What do you do when she scratches? Do you let her get away with it? Wait til she's done scratching? Repeat the command?
When he was younger, Camper used to try this. (sigh..Camper...the master manipulator...) He also has massive allergies and what started out as legitimate scratching, he soon learned he could use to delay doing what he didn't want to do.
What we found was that for most commands we just had to say Sit. (he starts to scratch) NO (firm 'no.' Not yelling. But very firm, like "I know what you're up to." If he was on a leash, I would give a light leash correction as well. ). Then if he didn't sit immediately, I repeated Sit again. He always sat. "Good sit." So basically, I was retraining him how to sit the first time every time.

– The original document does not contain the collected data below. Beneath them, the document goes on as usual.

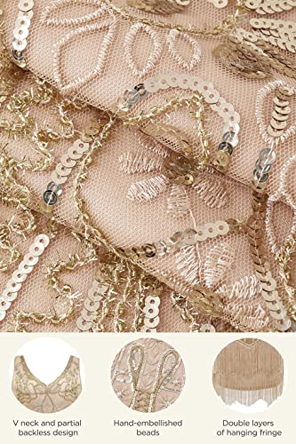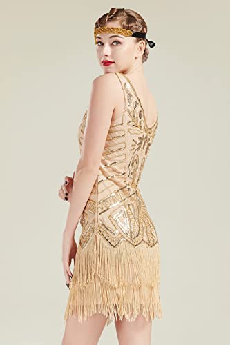 BABEYOND Women's Flapper Dresses 1920s V Neck Beaded Fringed Great Gatsby Dress Champagne Gold
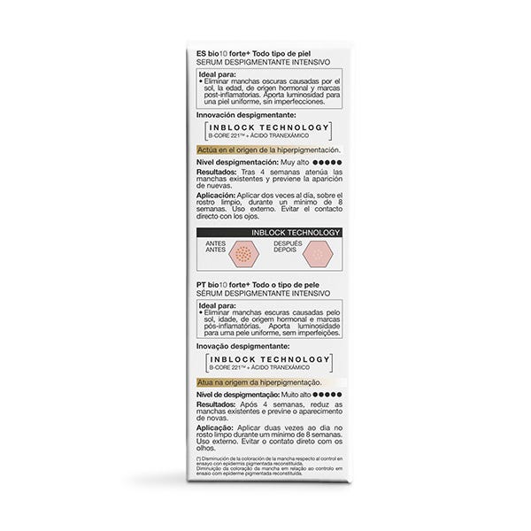 Reduce visiblemente todo tipo de manchas oscuras: manchas causadas por el sol, la edad, manchas hormonales y post-inflamatorias. Con la tecnología exclusiva INBLOCK TECHNOLOGY: una combinación de B-CORE 221TM y Ácido Tranexámico para tratar las manchas de manera integral, actuando en todas las fases del proceso de formación de las manchas. Apto para todo tipo de piel. En tan solo 4 semanas, las manchas se atenúan notablemente para una piel luminosa, uniforme y sin manchas.
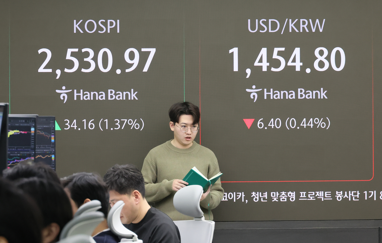 16일 서울 중구 하나은행 본점 딜링룸에서 직원들이 업무를 보고 있다. 이날 코스피는 전장보다 31.46p(1.26%) 오른 2,528.27로 출발했다. 코스닥지수는 8.74p(1.23%) 오른 720.35에, 원/달러 환율은 6.2원 내린 1,455.0원에 개장했다. [연합] |
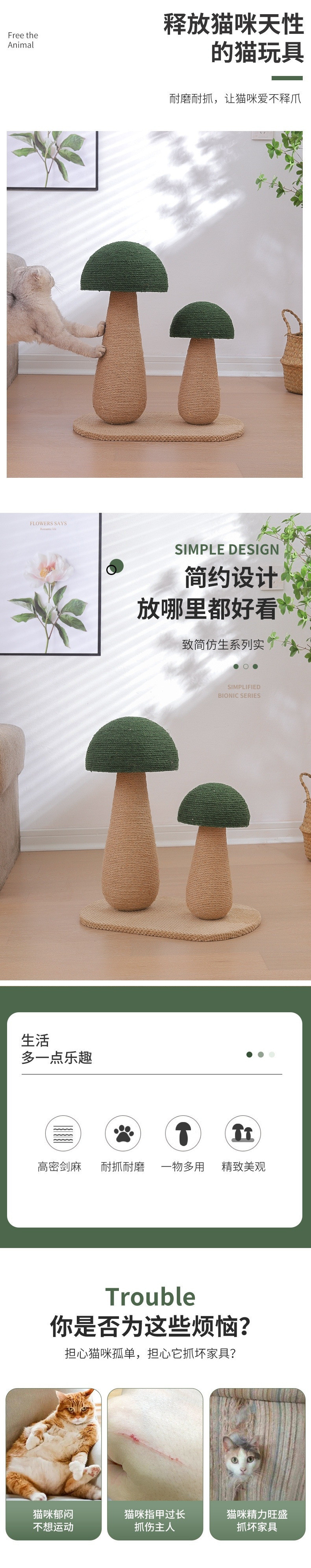 사마귀 로프 고양이 스크래치 보드 고양이 스크래치 기둥 내마모성 버섯 수직 발톱 연삭 장난감 고양이 용품 재미있는 고양이 장난감
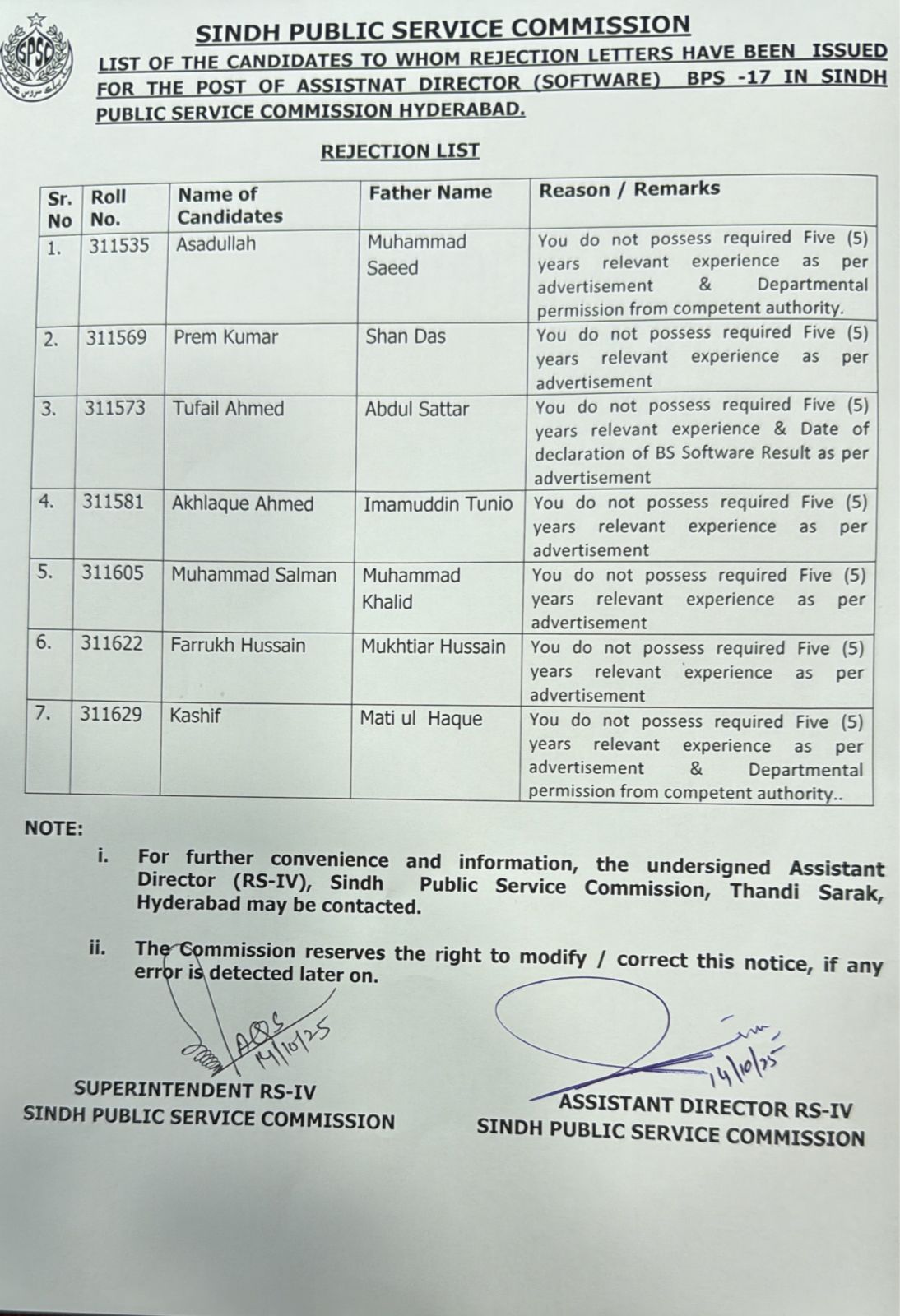 | October 7th, 2025 | Assistant Director Software (BPS-17) | Sindh Public Service Commission | View/Download |
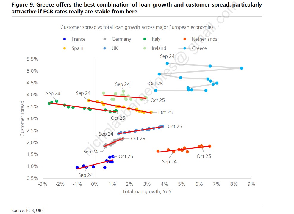 Η έκθεση τονίζει ότι οι επενδυτές αναζητούν αγορές με ισχυρή αύξηση δανείων και ευνοϊκά περιθώρια κέρδους, τομείς στους οποίους η Ελλάδα υπερέχει, και επενδύουν με τη βεβαιότητα ότι η ΕΚΤ θα παραμείνει σε στάση αναμονής στο προβλέψιμο μέλλον.
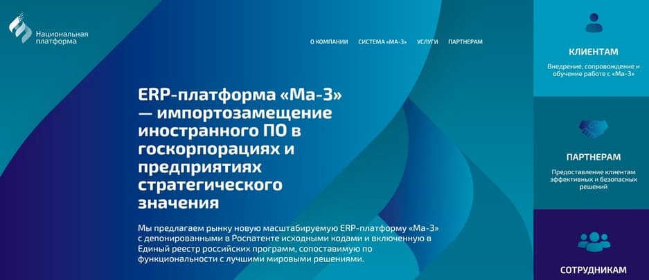 Компания «Национальная платформа», входящая в IT-холдинг «Национальная компьютерная корпорация», объявляет об успешном завершении основного этапа разработки новой отечественной бизнес-платформы «Ма-3» класса ERP для автоматизированного управления предприятием. За четыре года в создании системы приняли участие более сотни высококвалифицированных специалистов в области разработки и внедрения бизнес-приложений.
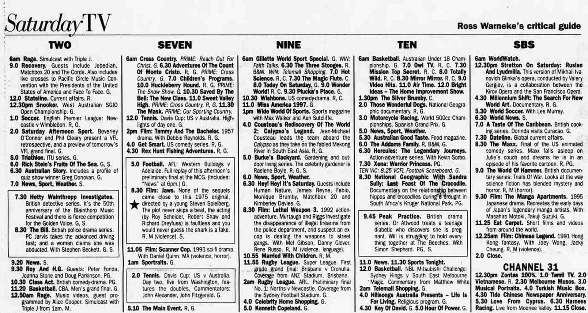 re Football Scoreboard.. This from the Melbourne Age 20 September 1997… looks like a short 5 minute program at 8.25pm on Saturdays on TEN VIC .. did they just chop off the last few minutes of Xena etc?
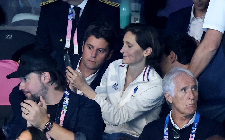 Gabriel Attal et Amélie Oudéa-Castéra - Célébrités assistent à la victoire de Léon Marchand qui devient champion Olympique sur 400 m 4 nages lors des Jeux Olympiques de Paris 2024 (JO) à Paris La Defense Arena à Nanterre le 28 juillet 2024. © Dominique Jacovides-Pierre Perusseau/Bestimage Celebrities attend the victory of Léon Marchand who becomes Olympic champion in the 400m medley during the Paris 2024 Olympic Games (Olympics) at Paris La Defense Arena in Nanterre on July 28, 2024
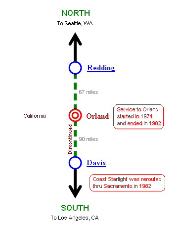 Amtrak Station Orland, CA was located between Davis, CA and Redding, CA (67 miles south of Redding). Since 1982 Coast Starlight has no longer stopped at Orland, CA.
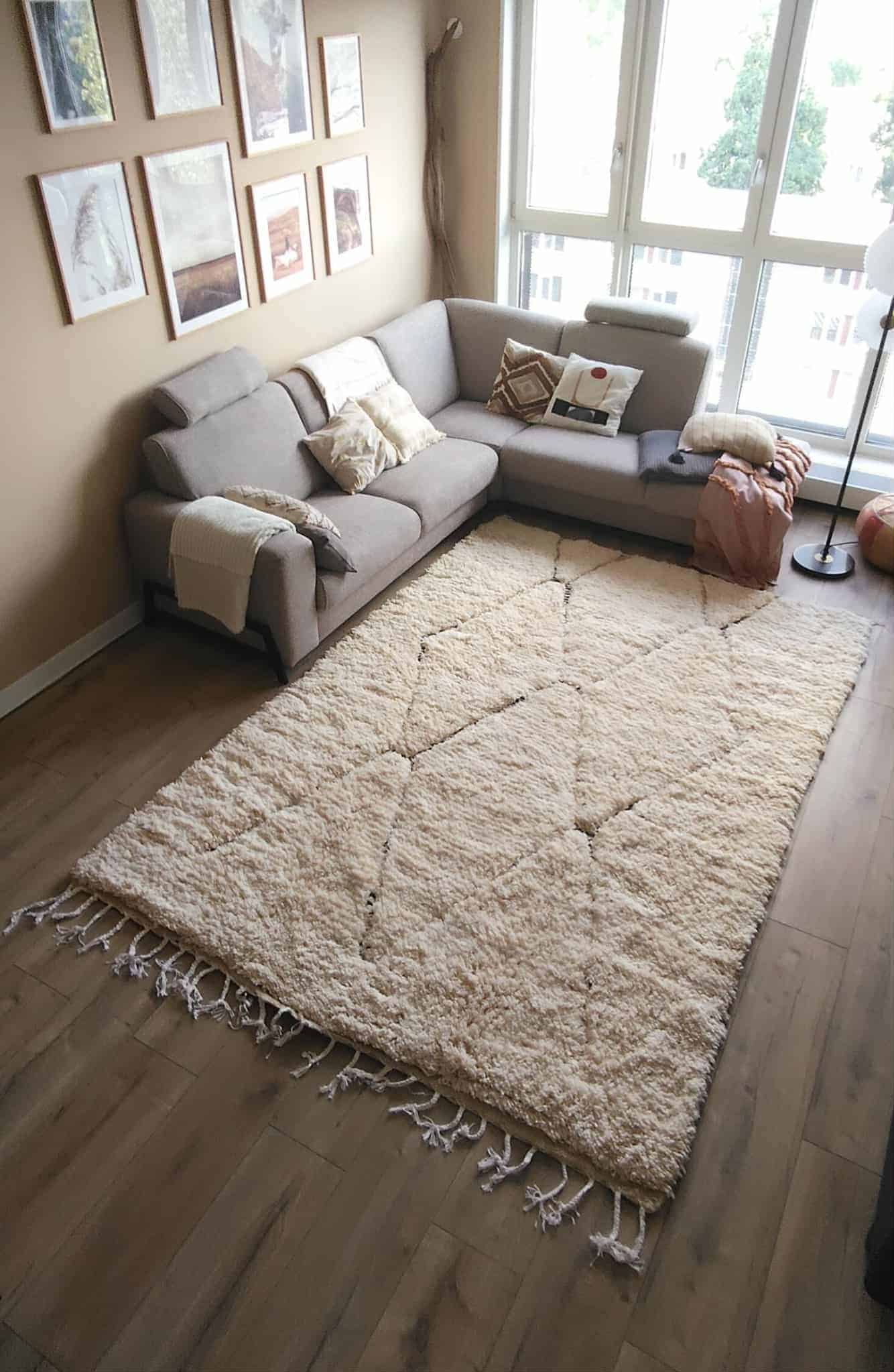 Elk kleed is een cultureel kunstwerk, gemaakt van 100% natuurlijke schapenwol – zacht, sterk en volledig duurzaam. Met zijn eigentijdse tekening geeft dit vloerkleed een frisse blik op het klassieke Berberdesign. Het patroon en de vormen brengen harmonie en zorgen ervoor dat dit tapijt onbewust direct de aandacht trekt van iedere bezoeker.

Sometimes, on "Come" he'd try the scratching or as Chris points out, the yawning thing (like all of a sudden, he's so exhausted? Please!) We started to use a long line in the yard at all times.
Then we did the same thing as we did for the sit. "Come" (yawn or scratch). "No" (jerk the line a little as a correction). Repeat 'Come' only if necessary (most of the time, he didn't forget what we wanted him to do, as as soon as we said,"no," he came on his own). As he started trotting toward us. "Good come!"
While we didn't start using treats on simple command like sit, down, come again, we did start to ramp up the amount of praise we gave him. I've learned that when dogs start getting non-compliant on commands they should know really well, a lot of time it's because we don't really acknowledge that they've done anything special. (When I ran this theory by my trainer, she absolutely agreed.)
It took us about 2 months to get this avoidant (scratching, yawning) behavior extinguished. Every once in a while, he tries scratching. Or maybe he's really itchy? Our rule now it that it doesn't matter. You get a command, you do it. You can scratch once you're sitting, lying down, once you get here, etc. Not before.